▶ **PROBLEM DESCRIPTION**
For this exercise, reproduce each entry below exactly, excluding pictures.

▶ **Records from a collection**
== == ==

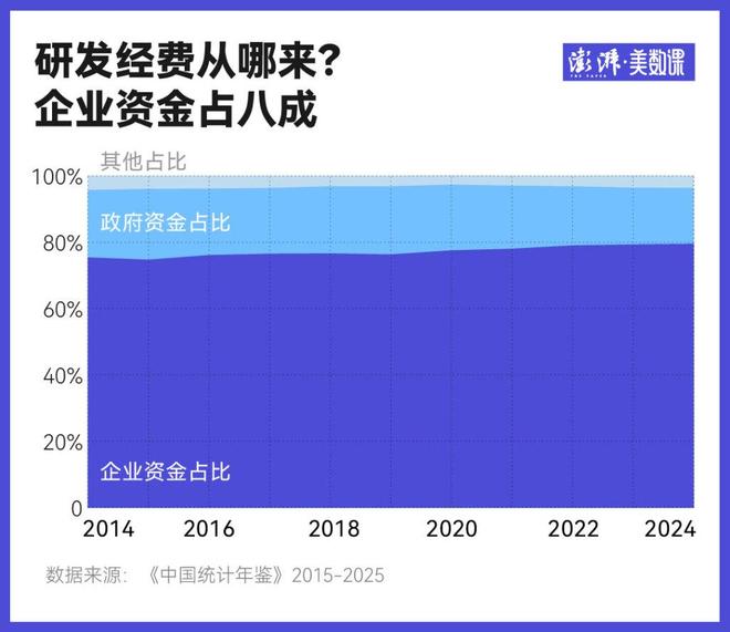 从研发经费的资金构成看,企业已是中国科研的主力军。根据国家统计局在其官网最新发布的《中国统计年鉴2025》,2024年,全国研发经费达到了3.63万亿元,投入强度(经费与国内生产总值之比)为2.69%,接近经合组织国家(OECD)平均水平(2.73%)。而这其中,有79.5%的经费来自于企业,相较30年前的40.6%显著提升。
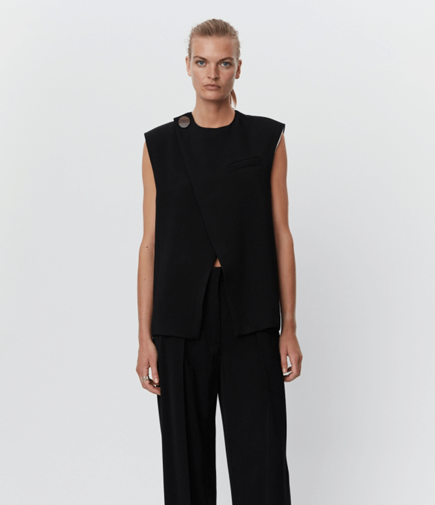 This classic black waistcoat is a go-to essential that will “shrink your wardrobe” by being a versatile piece that can be styled in multiple ways. It’s a timeless investment that you can “buy now keep forever.”
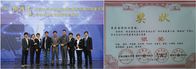 第八届“挑战杯”中国大学生创业计划竞赛于2012年5月25日在西南政法大学隆重举行。在学校领导的高度重视和关怀下,beat365“海发旅游发展有限责任公司”项目荣获银奖。(指导老师:秦荣庭、廖良刚,电子信息工程系学生潘洋、管理工程系学生何蒋鹏、龙虹利等8名同学参赛)
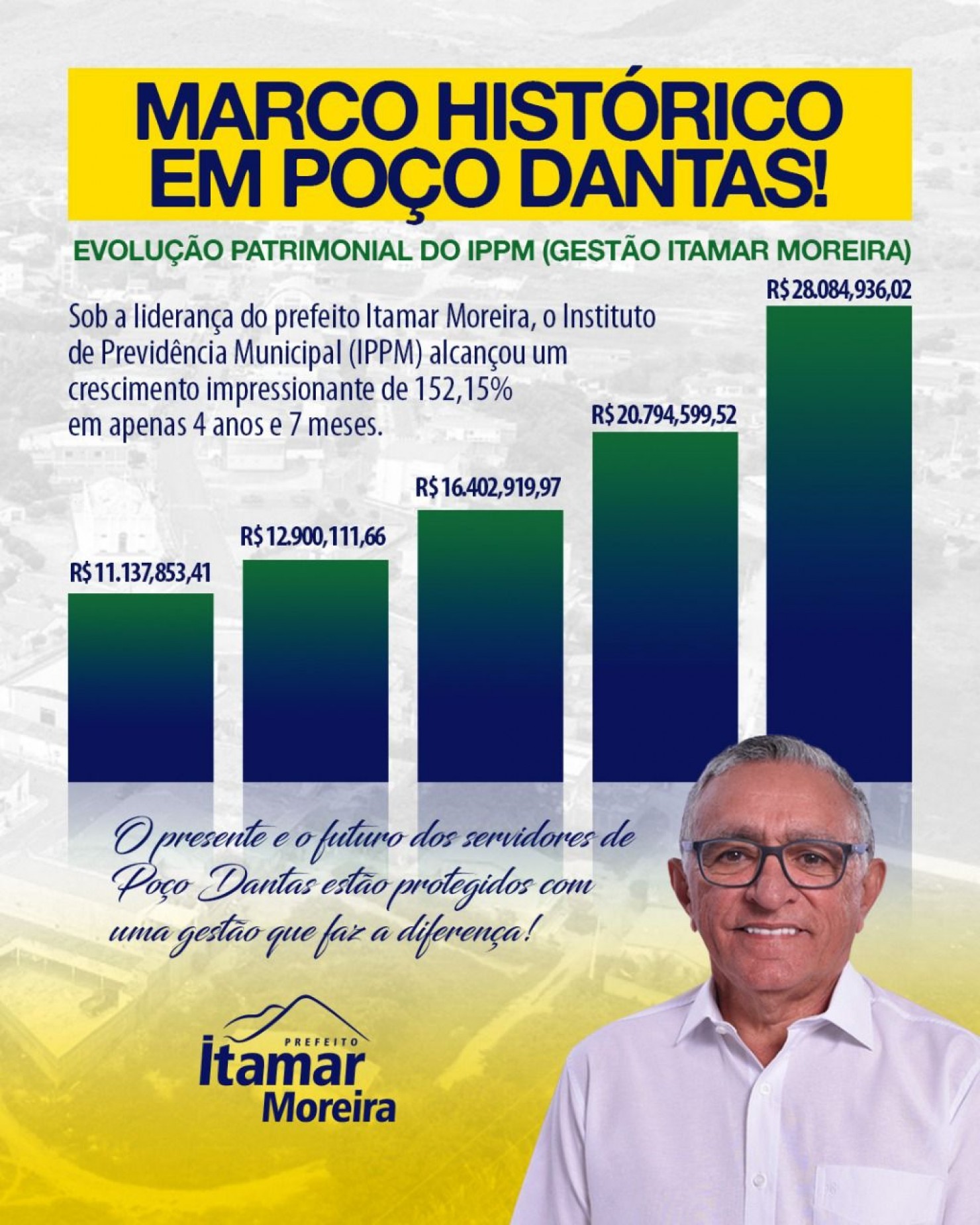 Sob a liderança do prefeito Itamar Moreira, o Instituto de Previdência Municipal (IPPM) alcançou um crescimento impressionante de 152,15% em apenas 4 anos e 7 meses. 🚀
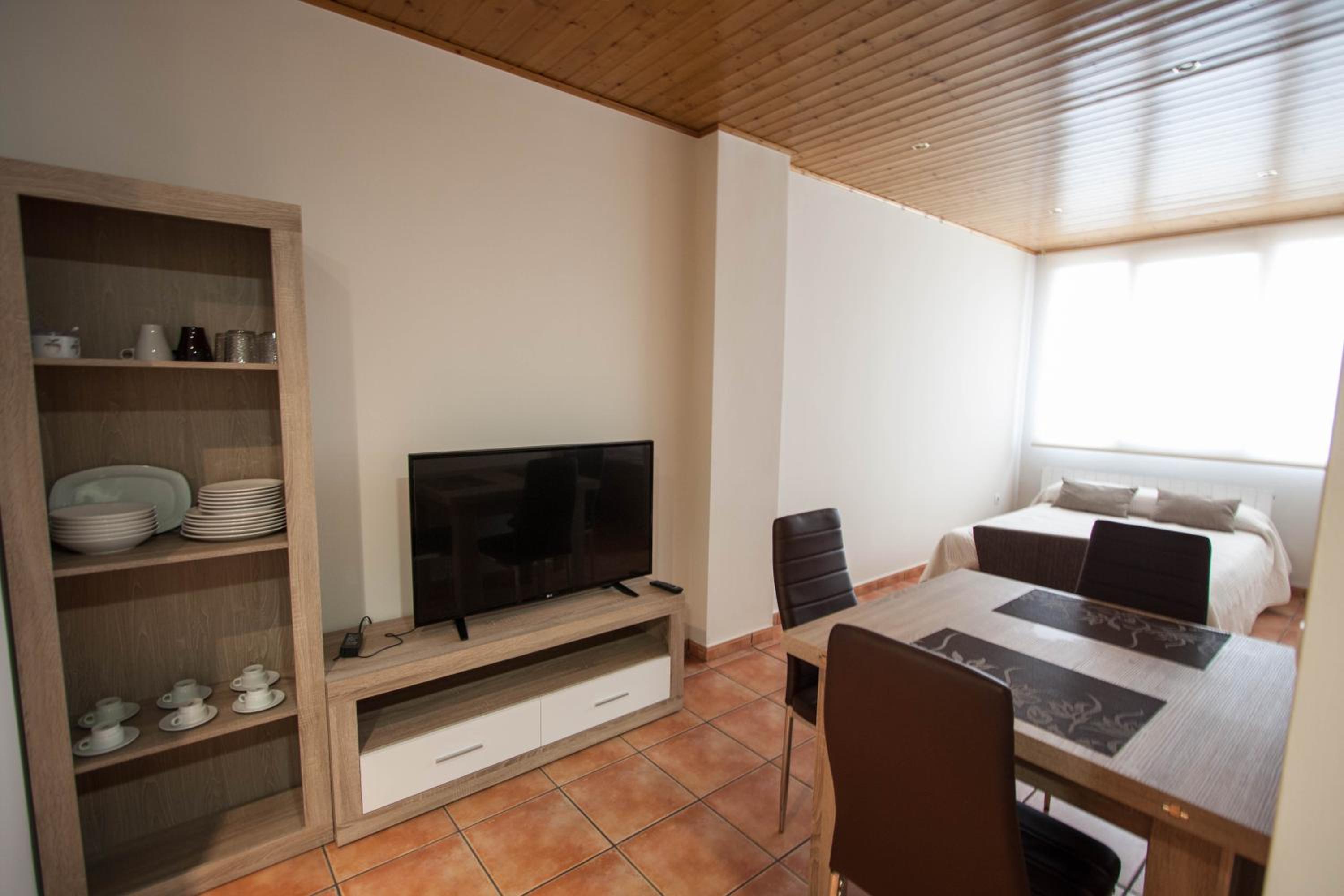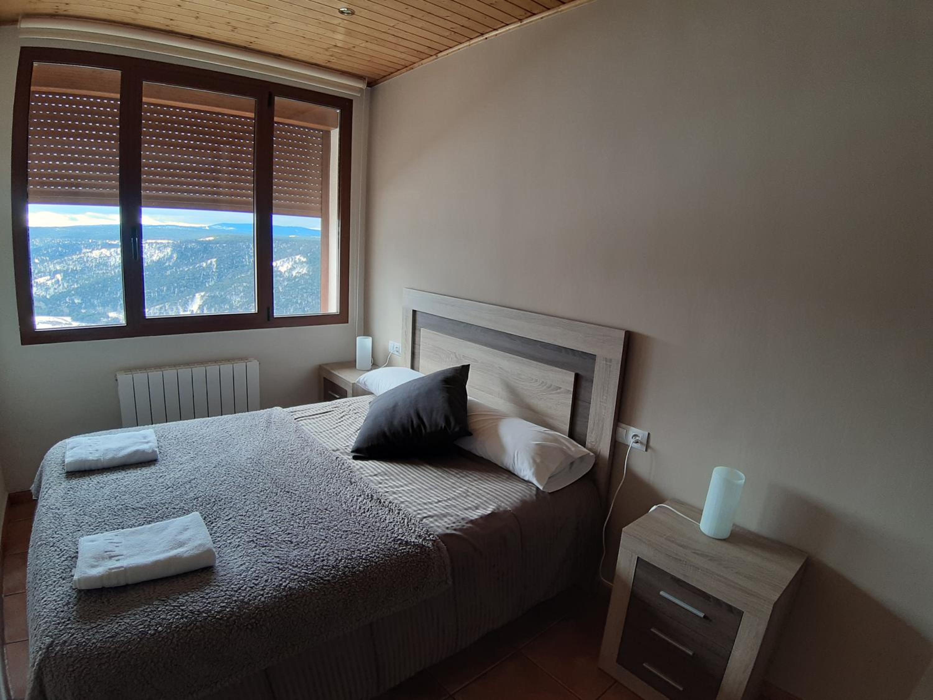 Apartamento cómodo, bien ubicado con unas vistas espectaculares. El trato del personal muy bueno. El pueblecito encantador. Habitaciones espaciosas y camas cómodas. La ducha funcionaba muy bien. Todo muy limpio. Segundo piso con ascensor. Puedes hacer desayunos y cenas en el hostal que también regentan los propietarios del apartamento y que está justo al lado.
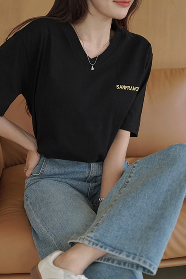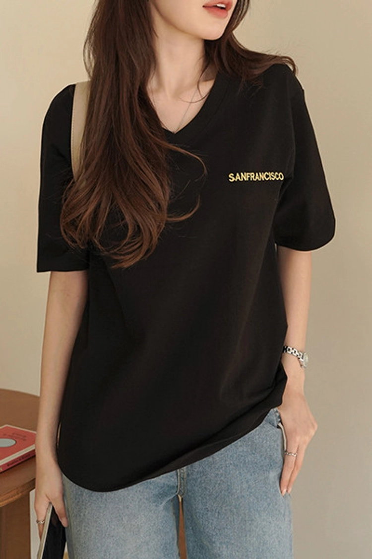 2604C012 立體英文刺繡寬鬆棉質上衣

== == ==

▶ **EXERCISE OUTPUT**
 从研发经费的资金构成看,企业已是中国科研的主力军。根据国家统计局在其官网最新发布的《中国统计年鉴2025》,2024年,全国研发经费达到了3.63万亿元,投入强度(经费与国内生产总值之比)为2.69%,接近经合组织国家(OECD)平均水平(2.73%)。而这其中,有79.5%的经费来自于企业,相较30年前的40.6%显著提升。
 This classic black waistcoat is a go-to essential that will “shrink your wardrobe” by being a versatile piece that can be styled in multiple ways. It’s a timeless investment that you can “buy now keep forever.”
 第八届“挑战杯”中国大学生创业计划竞赛于2012年5月25日在西南政法大学隆重举行。在学校领导的高度重视和关怀下,beat365“海发旅游发展有限责任公司”项目荣获银奖。(指导老师:秦荣庭、廖良刚,电子信息工程系学生潘洋、管理工程系学生何蒋鹏、龙虹利等8名同学参赛)
 Sob a liderança do prefeito Itamar Moreira, o Instituto de Previdência Municipal (IPPM) alcançou um crescimento impressionante de 152,15% em apenas 4 anos e 7 meses. 🚀
 Apartamento cómodo, bien ubicado con unas vistas espectaculares. El trato del personal muy bueno. El pueblecito encantador. Habitaciones espaciosas y camas cómodas. La ducha funcionaba muy bien. Todo muy limpio. Segundo piso con ascensor. Puedes hacer desayunos y cenas en el hostal que también regentan los propietarios del apartamento y que está justo al lado.
 2604C012 立體英文刺繡寬鬆棉質上衣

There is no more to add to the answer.